WORK ORDER: Without any pictures, print the lines below from the one that has "Häfele Lijevani cink, nosač" through the one that has "Teenage girl holding", exactly and nothing else.

SOURCE MATERIAL:
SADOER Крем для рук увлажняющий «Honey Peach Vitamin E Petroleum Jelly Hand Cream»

...

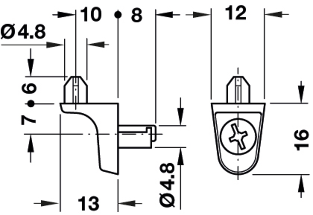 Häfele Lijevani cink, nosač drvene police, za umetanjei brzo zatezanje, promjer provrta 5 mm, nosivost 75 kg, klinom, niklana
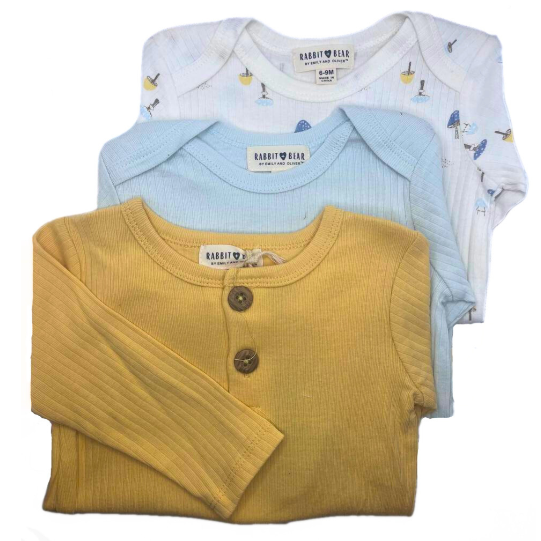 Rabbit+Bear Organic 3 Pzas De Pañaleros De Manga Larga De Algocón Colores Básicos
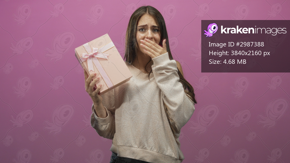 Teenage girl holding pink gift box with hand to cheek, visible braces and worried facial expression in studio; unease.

SOLUTION:
 Häfele Lijevani cink, nosač drvene police, za umetanjei brzo zatezanje, promjer provrta 5 mm, nosivost 75 kg, klinom, niklana
 Rabbit+Bear Organic 3 Pzas De Pañaleros De Manga Larga De Algocón Colores Básicos
 Teenage girl holding pink gift box with hand to cheek, visible braces and worried facial expression in studio; unease.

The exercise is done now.